Let's see how to construct a confusion matrix and understand its terminologies. Consider that we need to model a classifier that classifies 2 kinds of fruit. We have 2 types of fruits – apples and grapes – and we want our machine learning model to identify or classify the given fruit as apple or grape.

We therefore take 15 samples of 2 fruits, of which 8 belong to the Apple class and 7 belong to the Grape class. The class is nothing but the output, in this example we have 2 output classes: Apples and Grapes. We will represent Apple as class 1 and Grape as class 0.

The actual class for 8 apples and 7 grapes can be represented as follows:

Real = [1,1,1,1,1,1,1,1,0,0,0,0,0,0,0]

The classifier model predicts 1 for Apple and 0 for Grape.

Suppose the classifier takes the 15 inputs and makes the following predictions:

  • Out of 8 apples, it will correctly classify 5 as apples and incorrectly predict 3 as grapes.
  • Out of 7 grapes, it will correctly classify 5 as grapes and wrongly predict 2 as apples.

The prediction of the classifier can be as follows:

Prediction = [1,0,0,0,1,1,1,1,0,0,0,0,0,1,1]

# Creation of confusion matrix in using sklearn
from sklearn.metrics import confusion_matrix
#Let actual value be 1 for apple and 0 grapes for our example
CURRENT = [1,1,1,1,1,1,1,1,0,0,0,0,0,0,0]
# Let the predicted values be
PREDICTION= [1,0,0,0,1,1,1,1,0,0,0,0,0,1,1]
# Confusion matrix for actual and predicted values.
matrix = confusion_matrix(ACTUAL,PREDICTION, labels=[1,0])
print('Confusion matrix: n',matrix)
# outcome values order in sklearn
TP, FN, FP, TN = confusion_matrix(ACTUAL,PREDICTION,labels=[1,0]).reshape(-1)
print('Outcome values: n', TP, FN, FP, TN)

For our example, the positive value is Apple and the negative value is Grape.

True positive: This means that the actual value and the predicted values are the same. In our case, the actual value is also an apple, and the model prediction is also an apple. If you look at the TP cell, the positive value is the same for Actual and Predicted.

False negative: This means that the true value is positive. In our case it is apple, but the model predicted it as negative, i.e. grape.
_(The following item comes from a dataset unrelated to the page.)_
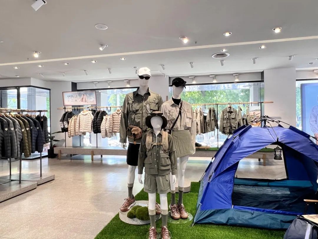 其中,有一家近200平方米的波司登门店内,波司登专门在最显眼的位置摆放了一个“骄阳系列”防晒产品展示台,地面画上了海浪、沙子的特效,展台中间站着穿防晒产品的一家三口模特,头顶防晒伞,周边摆放了桌椅等物品。除此之外,针对户外场景、儿童,波司登也专门留出了空间展示商品,而羽绒服却被挪到了角落里。
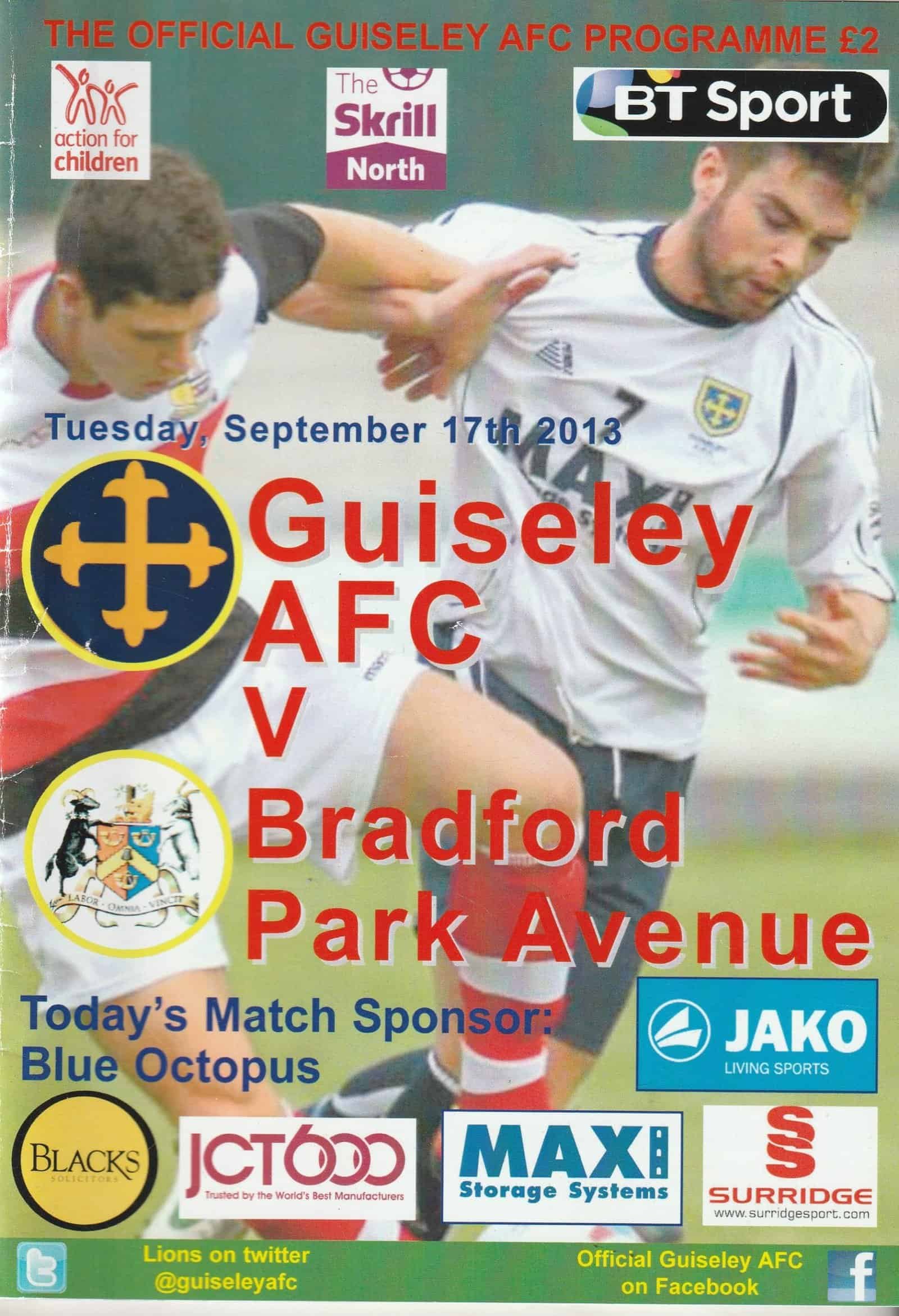 Match: Guiseley v Bradford Park Avenue Competition: Skrill North Date: 17-Sep-2013 Comments: Includes team sheet Rating: 4 Condition: Very good Weight in grams: 100

The model therefore gave a bad prediction. This was supposed to give a positive result (apple), but it gave a negative result (grape). So whatever negative result we get is false; hence the name false negative.

False positive: This means that the true value is negative. In our case it is grape, but the model predicted it as positive, i.e. apple. The model therefore gave a bad prediction. It was supposed to give a negative result (grape), but it gave a positive result (apple), so whatever positive result we get is false, hence the name false positive.
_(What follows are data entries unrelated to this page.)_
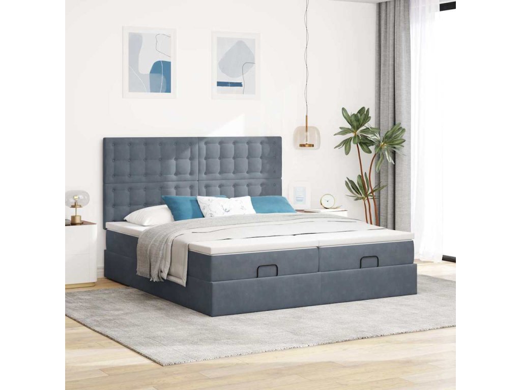 Multidom Osmanský rám postele s matracmi tmavosivá 180x200 cm zamat
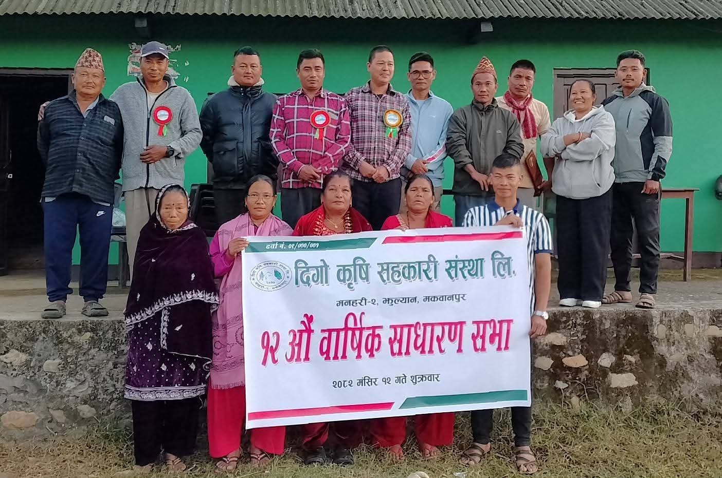 हेटौंडा- मकवानपुरको मनहरीमा रहेको दिगो कृषि सहकारी संस्था लिमिटेडको अध्यक्षमा पुनः चन्द्रसिं स्याङ्तान चयन भएका छन् । मनहरी गाउँपालिका–२ मा रहेकोे दिगो कृषि सहकारी संस्था लिमिटेडको १२ औ वार्षिक साधारण सभाबाट स्याङतानको अध्यक्षतमा सर्बसम्मत ९ जना कार्यसमिति चयन भएको हो । कार्यसमितिलाई वडाअध्यक्ष राजकुमार पाख्रिनले सफल कार्यकालको बधाई तथा शुभकामना व्यक्त गरेका छन् । नवगठित कार्यसमितिको उपाध्यक्षमा दिलबहादुर बुलुन, सचिवमा आत्माराम रुम्बा, कोषाध्यक्षमा मनमाया घलान रहेका छन् भने सदस्यमा गोमा घलान, गणेशबहादुर स्याङ्बो, रामकुमार स्याङ्तान, रचना मुक्तान, डिलमाया थिङ चयन भएका छन् ।
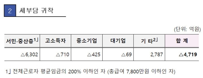 2023년 세법개정안에 담긴 세부담 귀착을 분석한 표. 서민·중산층을 ‘총급여 7800만원 이하인 자’로 정의하고 있다. 기획재정부 ※ 이미지를 누르면 크게 볼 수 있습니다.
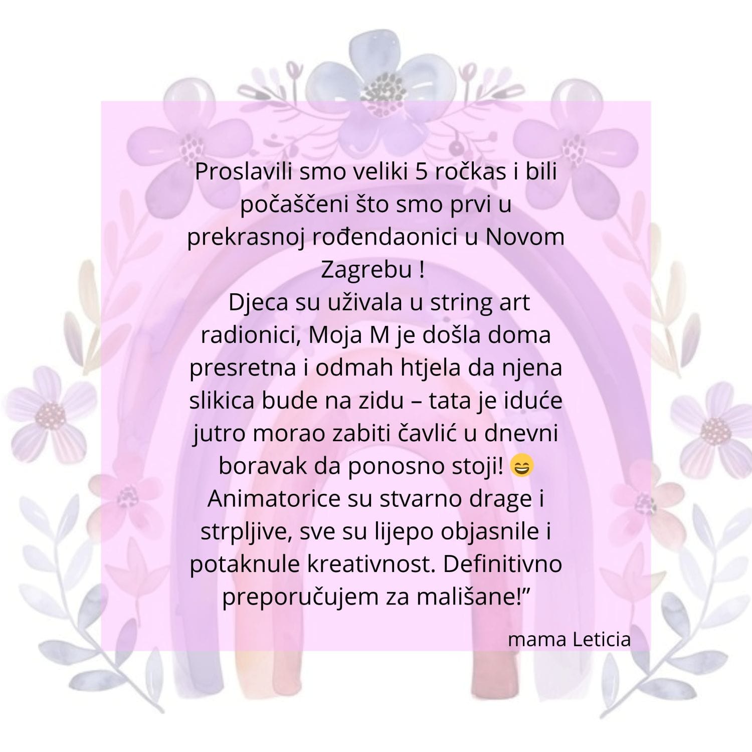 Mjesto gdje mašta postaje umjetnost, a kreativnost se slavi uz najšareniji rođendanski party! Djecu očekuje 2,5 sata stvaranja, igre i veselja uz stručnu podršku animatorica koje obožavaju male umjetnike.
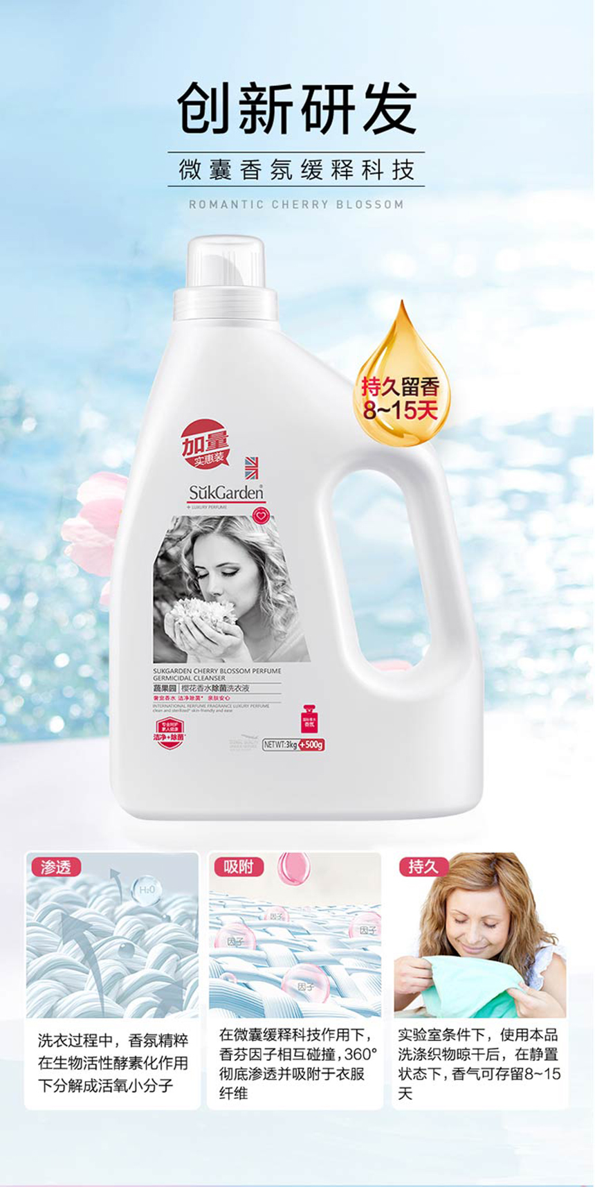 SukGarden/蔬果园樱花香水抑菌洗衣液3.5kg

True negative: This means that the actual value and the predicted values are the same. In our case, the actual values are the grapes, and the prediction is also the grapes. The values for the example above are: TP=5, FN=3, FP=2, TN=5.
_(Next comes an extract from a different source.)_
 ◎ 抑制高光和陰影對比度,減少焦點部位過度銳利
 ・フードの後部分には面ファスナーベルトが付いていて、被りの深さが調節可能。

You know the theory, now let's put it into practice. Let's code a confusion matrix with the Scikit-learn (sklearn) library in Python.

Sklearn has two interesting functions: confusion_matrix() and classification_report().

Sklearn confusion_matrix() returns the values of the Confusion matrix. The result, however, is slightly different from what we have studied so far. It takes the rows as actual values and the columns as predicted values. The rest of the concept remains the same.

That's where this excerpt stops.